Prima donna a vincere la Palma d’Oro al Festival di Cannes con Lezioni di Piano, poi premiato anche per l’Oscar per la miglior sceneggiatura, Jane Campion è tornata alla Mostra Internazionale del Cinema di Venezia con l’adattamento cinematografico de “Il potere del cane“, romanzo di Thomas Savage pubblicato per la prima volta nel 1967 ed edito in Italia da Neri Pozza.
Protagonista indiscusso uno spaventoso Benedict Cumberbatch, omofobo represso nel Montana del 1924. Tra le pianure selvagge del vecchio West, sorge il ranch piú grande dell’intera valle, il ranch dei fratelli Burbank. Phil e George Burbank, pur condividendo tutto da piú di quaranta anni, non potrebbero essere piú diversi. Alto e spigoloso, Phil ha la mente acuta, le mani svelte e la spietata sfrontatezza di chi può permettersi di essere sé stesso. George, al contrario, è massiccio e taciturno, del tutto privo di senso dell’umorismo. Chi conosce bene Phil ritiene uno spreco che un uomo tanto brillante, uno che avrebbe potuto fare il medico, l’insegnante o l’artista, si accontenti di mandare avanti un ranch. Nonostante i soldi e il prestigio della famiglia, Phil veste come un qualsiasi bracciante, in salopette e camicia di cotone azzurra, usa la stessa sella da vent’anni e vive nel mito di Bronco Henry, il migliore di tutti, colui che, anni addietro, gli ha insegnato l’arte di intrecciare corde di cuoio grezzo. George, riservato e insicuro, si accontenta di esistere all’ombra di Phil senza mai contraddirlo, senza mai mettere in dubbio la sua autorità. Ogni autunno i due fratelli conducono un migliaio di manzi per venticinque miglia, fino ai recinti del piccolo insediamento di Beech, dove si fermano a pranzare al Mulino Rosso, una modesta locanda gestita dalla vedova di un medico morto suicida anni prima. Rose Gordon, si vocifera a Beech, ha avuto coraggio a mandare avanti l’attività dopo la tragica morte del marito. Ad aiutarla c’è il figlio adolescente Peter, un ragazzo delicato e sensibile che, con il suo atteggiamento effeminato, suscita un’immediata repulsione in Phil. George, invece, resta incantato da Rose, al punto da lasciare tutti stupefatti chiedendole di sposarlo e portandola a vivere al ranch, inconsapevole di aver appena creato i presupposti per un dramma che li coinvolgerà tutti. Perché Phil vive il matrimonio del fratello come un tradimento e, proprio come il «cane sulla collina» lanciato all’inseguimento della preda, non darà tregua a Rose, a Peter e anche al suo amato George, animato dall’odio nella sua forma piú pura: l’odio di chi invidia.

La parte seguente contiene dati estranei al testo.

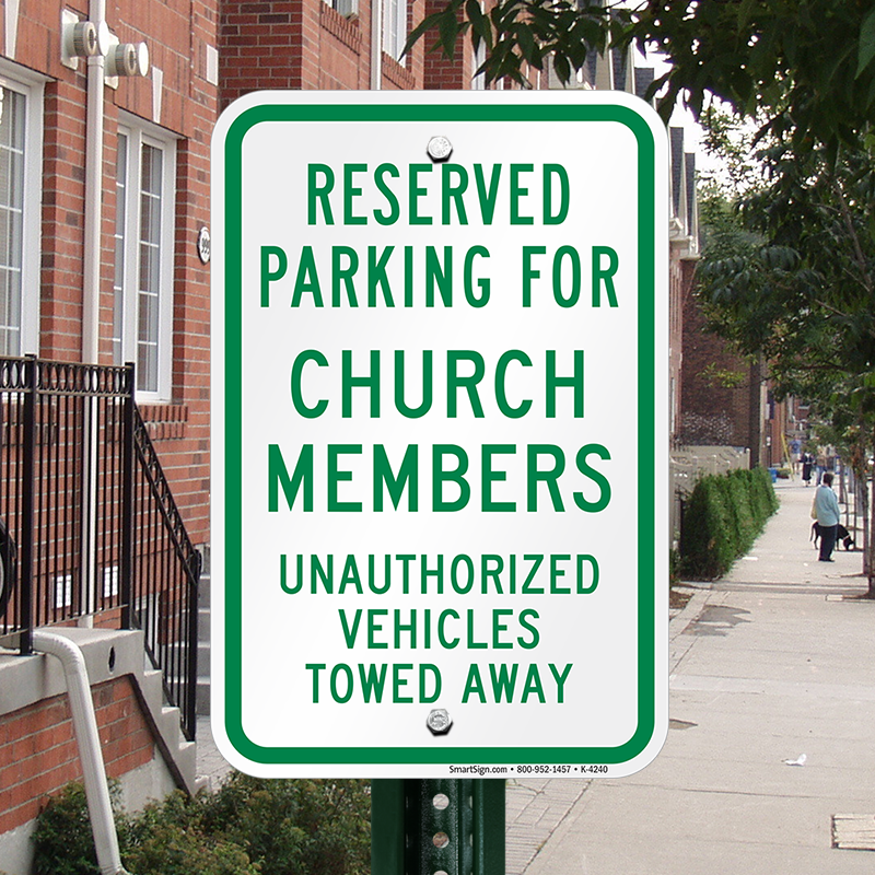 Church Parking Sign: Reserved Parking for Church Members, Unauthorized Vehicles Towed Away K-4240 Learn More...

Al fianco di Cumberbatch trovano spazio Kirsten Dunst, Jesse Plemons e Kodi Smit-McPhee, in un film che ha diviso la critica, tra chi ha gridato al capolavoro e chi ha storto il naso. “Rimanere affascinata dallo straordinario romanzo di Savage, è stata pura gioia, ma non avevo pensato di farne un film, visti i tanti personaggi e temi maschili”, ha confessato Jane Campion. “Nel realizzarlo ci ho messo tutta me stessa e in Phil ho sentito l’amante e la sua tremenda solitudine, ma ho percepito anche la forza e l’importanza di ogni singolo protagonista, il modo in cui ciascuno si rivela alla fine”.
“Il mio è un personaggio molto complesso”, ha sottolineato Cumberbatch, in odore di Coppa Volpi. “È il cattivo della storia ma anche una figura poetica complessa, pieno di desideri che rimangono nascosti”. The Power of the Dog, in corsa per il Queer Lion 2021, arriverà su Netflix il prossimo 1 dicembre 2021.